野外研修まで
すみません遅くなりました。
さて、冒険者ギルドで登録を済まし、晴れてFランク(見習い)冒険者になれた訳だが、Eランクに上がる為にFランクの依頼をさっさと五件こなさないといけないが何の依頼を受ければいいんだろう?
分からんから、分かる人に聞いてみるか。
「リカーゲザさん、早速何か依頼を受けようと思うんですが、何か良い依頼ってあります」
「そうですね、Fランクの依頼は登録された方の体力が有るかどうかの確認と鍛える事が目的ですから報酬の方は違いは殆ど有りません」
報酬の事じゃないんだが普通は、そう思うか。
「ですから、得意な事を言って頂ければ、それを活かせる依頼を上げさせて頂きますが、できれば全部バラバラの内容にしていただくと、冒険者ギルドとすればありがたいんです」
「それはどうしてですか?」
「そうですね、例えば金属製錬所のインゴットを運ぶ仕事だけなら筋力がある事が分かりますが体力が有るか分かれません、逆に手紙の配達だけなら走り続ける体力があるのが分かりますが筋力が有るか分かりません」
まあ、そうだな、筋力と体力じゃあ、全然違うからな。
「冒険者ギルドとしては筋力や体力があることも証明して欲しいんです」
「なら、Eランクの昇格試験の受験資格の条件を変えればいいんじゃないですか」
「一時期そうしていたらしいんですが、達成できなくて冒険者を辞めてしまう方が多かったので、今の条件に成ったそうです」
昔の条件を達成できないなら冒険者に成るのを諦めた方が良いように思うが俺も身体強化が使えないと達成するのに時間が掛かりそうだ。
身体強化が使えないと昔の条件は難しいか。俺のように最初から身体強化を使える人はごく僅かだろうし。
まあ、冒険者ギルドが納得しているなら良いか、別に俺には関係ないし。
さて、自分で選ぶのもめんどくさいし、俺がソロで活動しても大丈夫という事を証明する為にも依頼をリカーゲザに選んで貰うか。
「分かるました、ありがとう御座います。それで依頼なんですがリカーゲザさんに選んで貰っていいですか」
「それは構いませんがいいですか?」
「構いません、ソロで活動するんです能力が平均以上あるところを見せますよ」
リカーゲザは困った顔をしながら、魔導パソコンを操作して紙に俺に受けさせる依頼を書き出していく。
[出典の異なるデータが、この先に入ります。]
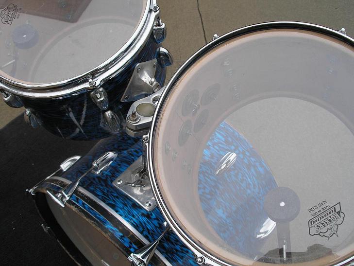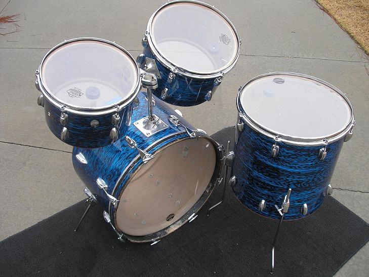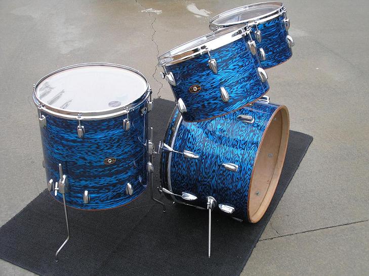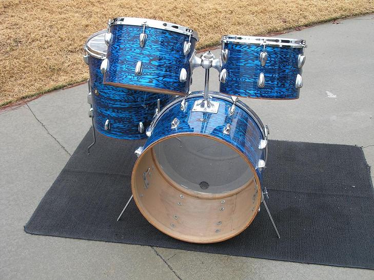 Well, checking the drum finishes under the "Vintage Drum Identification" link above would indicate this to be Blue Onyx Pearl. The Set-O-Matic tom mount was introduced in 1968.. and '68-'69 matches up with the serial# graph Dr. CJW has provided. Might be a Modern Solo kit. Torpedo handle t-rods on the bass drum.. flared legs on the floor tom.. I think that all lines up correctly.. they should be date stamped inside.

「能力を示してくれるのは嬉しいんですが、それでもパーティを組んでくれた方がありがたいんですが。―――それでは依頼の方ですが、まず一つめアンニー製錬所のインゴット運びです、この依頼書をアンニー製錬所の方に渡して指示に従ってください」
インゴットの持ち運びか、身体強化が使えないと出来なさそうなのを初っ端から振って来たな。期限は無いが当然、達成されるまで報酬も無しか。
「いきなり、しんどそうなのを振ってきますね」
「止めておきますか?」
「いえ、大丈夫です。それで他の依頼は何ですか」
「Fランクの方は依頼を一つしか受けられませんから、他は今の依頼を達成した後にお知らせします」
他の依頼の内容は明かさなか。まあ良いか、よっぽど特殊じゃない限り失敗しないだろう。
それからリカーゲザにアンニー製錬所の場所を聞き冒険者ギルドから出る。
冒険者ギルドから出ると太陽の位置を確認する。夕方と言うには早いが今から仕事をするには遅すぎる時間だな。
今日はアンニーを見回って、仕事は明日からにするか。
それから依頼をこなし五日間があっと言う間に過ぎていった。
俺がこなした依頼はアンニー製錬所のインゴットの持ち運び、手紙の配達、引越しの手伝い、食堂兼酒場の雑用、冒険者ギルドの素材解体の手伝い。
どれも一日で済ましたので五日間で終わったが、どの依頼も、それなりに苦労した。
まず、インゴットの持ち運びだが、インゴットに対して俺の体重が軽いせいか身体強化を使い持ち上げても、身体がふらつき持ち運びに苦労して、手紙の配達は都市内の地理がまだ分かっていないので、何度も道に迷い、人に道を聞きながら配達をした。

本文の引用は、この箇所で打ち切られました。